Charting the Depths of Inner Geography:

A Preview of “Blind Insights”

  "I regard these objects as 'visceral mappings' of an
   internal process we cannot see but only feel."

Spiral Mound, 2016
Spiral Mound, 2016

Blind Insights is a series of collage-based work that continues a trajectory of ideas from Hopkins' earlier wall sculptures, while also marking an evolutionary shift in scale and materials. For Hopkins, the intimate scale of collage is emblematic of contemplation:

"Collage provides an analogous process of "breaking down" and "piecing together" the bits of information we call reality".

On an intuitive level, these individual pieces seem to resonate like "feedback loops" between the artist and life as a creative journey. How we make sense of it all, literally, resides just below the surface -- an "inner world" of visceral feelings and insights. 

Parallel Stream, 2016
Parallel Stream, 2016

In addition to its' smaller scale, Blind Insights employs a more painterly approach through its' collaged layering of gouache on paper, and colors that suggest aerial or satellite photography. Even the use of irregular planar-shapes hint at shifting geological surfaces and tectonic plates.

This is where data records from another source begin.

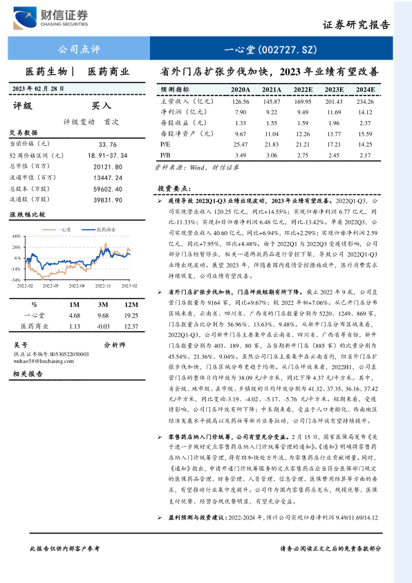 本报告对一心堂(002727.SZ)进行了专业分析,指出公司2022年业绩受疫情影响出现波动,但随着疫情管控放开和医疗消费需求恢复,2023年业绩有望改善。公司正加速省外门店扩张,优化区域布局,并受益于人口老龄化等因素带来的中长期坪效提升潜力。同时,国家医保局将零售药店纳入门诊统筹的政策将为公司带来显著利好,进一步巩固其作为行业龙头的市场地位。基于对公司未来业绩的积极预测和估值分析,报告首次覆盖并给予一心堂“买入”评级,目标价格区间为39.20-49.00元/股,但同时提示了疫情、门店扩张、行业竞争、医药电商冲击及政策变化等潜在风险。
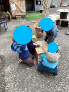 Today a group of children have chosen to work together to decorate a box outside. They recalled an activity they did last month that they wants to revisit… “I want to make another surprise box so we can sneak up and watch mr robin in the garden”. The children then decided they wanted to play hide and seek where they discussed counting from “number 0 because 0 means nothing” 🐦
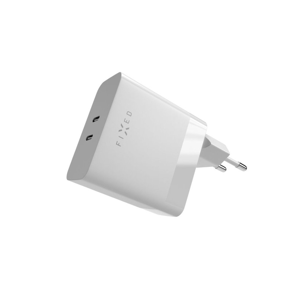 Adaptér FIXED s výstupom 2x USB-C a podporou PD 65 W - Biely
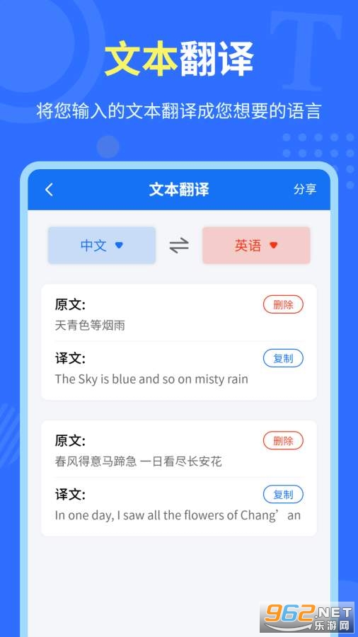 《中英互译官app》是一款为朋友们打造的中英翻译软件,操作非常的简单,我们只需要将需要翻译文本复制到软件中,然后选择目标语言即可翻译成对应的语言,你还可以直接拍照来进行翻译,简单方便。

At the same time, Hopkins' use of wood skewers, literally, extends the work into the realm of sculpture, with various allusions to architectural and archeological structures. The overall impression of these hybrid-forms is that of a restless energy, in which they are seemingly morphing from one guise into another -- from one emotional terrain to another.                                                                                                                                                

  See Blind Insights Gallery.

Ephesian Plateau, 2019
Ephesian Plateau, 2019

Sifting Through the Flotsam and Jetsam:

A Preview of "Inner Navigations"

Incognito, 2018
Incognito, 2018

Inner Navigations is a series of intuitively derived contour-line drawings that reveal Hopkins's sculptural background, as well as his improvisatory search for new forms. Characterized by indeterminate structures that seem to float in perpetual suspension, their 3D dimensionality suggests "systems" of various origins, and the potential "chaos" inherent in such a multiplicity of systems. According to Hopkins:                      

"From interstellar systems to molecular systems, life is
comprised of a multitude of systems we navigate on a 
daily basis — ranging from the banal to the sublime, 
from the unconscious to the transformational.”

Occasionally, though, these systems collide, triggering states of confusion and mixed reactions -- "sparks of chaos" for some people may actually be "sparks of creativity" for others. And for Hopkins, in the world of creativity, there is no such thing as "chaos" -- only "creative chaos". 

Vessel, 2018
Vessel, 2018

In Inner Navigations, for example, we encounter technological-looking images that flip back and forth between their appearance as "tools" or the "subject" of such tools. This open-ended interaction between "subject" and "object" also resonates with the paradoxical relationship between the "subjective" and "objective" in quantum physics. It is precisely this open-ended gap of interpretation that provides the space for "creative chaos". 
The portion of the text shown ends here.